From this course the student will learn how to:
- analyse the fundamental geometric properties of differentiable curves and surfaces in the 3D space;
- distinguish between surfaces up to isometries;
- understand the key logic steps of the proofs;
- express rigorously the learned notions.
The course needs notions of linear algebra, topology and analysis, that is the arguments of Geometria 1a-1b, Geometria 2a, Analisi 1a-1b.
Course contents summary
Geometry of curves and surfaces in the 3D space.
Conics and quadrics: definition, examples and classification.
Differentiable curves in 3D space: definition and examples, curve's length, parametrization, regularity, Frenet's Formula, torsion and curvature, Fundamental theorem of curve's local theory.
Regular surfaces: definition, surfaces preimage of a regular value, surfaces of revolution and ruled surfaces.
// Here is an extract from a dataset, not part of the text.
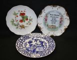 Group of Three Decorative Plates, Blue and White "Merry Christmas" Royal Croconford 8 1/5" dia., Made in Japan "House Blessing" Plate 8" dia., German Hand Painted of strawberries 7 1/2" dia. Group of Three Decorative Plates, Blue and White "Merry Christmas" Royal Croconford 8 1/5" dia., Made in Japan "House Blessing" Plate 8" dia., German Hand Painted of strawberries 7 1/2" dia.

Differentiable function and tangent space, normal vector field, orientability. Gauss' map, first and second fundamental forms, curvatures. Hilbert's Theorem. Minimal surfaces. Isometries, Theorema Egregium, geodesics. Gauss-Bonnet local theorem.
 M. P. Do Carmo, Differential Geometry of Curves and Surfaces, Dover Publications, 2016.
 M. Abate, F. Tovena, Curve e Superfici, Unitext, Springer, Milano, 2016.
 M. Abate, C. de Fabritiis, Geometria analitica con elementi di algebra lineare, McGraw-Hill Education, 2015.
Lectures and classroom exercises.
During lectures in traditional mode, the
topics will be formally and rigorously presented. The course will give particular emphasis to application and computation aspects, while not letting out
the theoretical aspect. The classroom exercises are aimed at showing how and where the abstract results can be applied to make the students understand better the relevance of what they are studying.
Assessment methods and criteria
The exams consists in a written test (three exercises to be completed in two and a half hours) and an oral examination which will take place in a different date.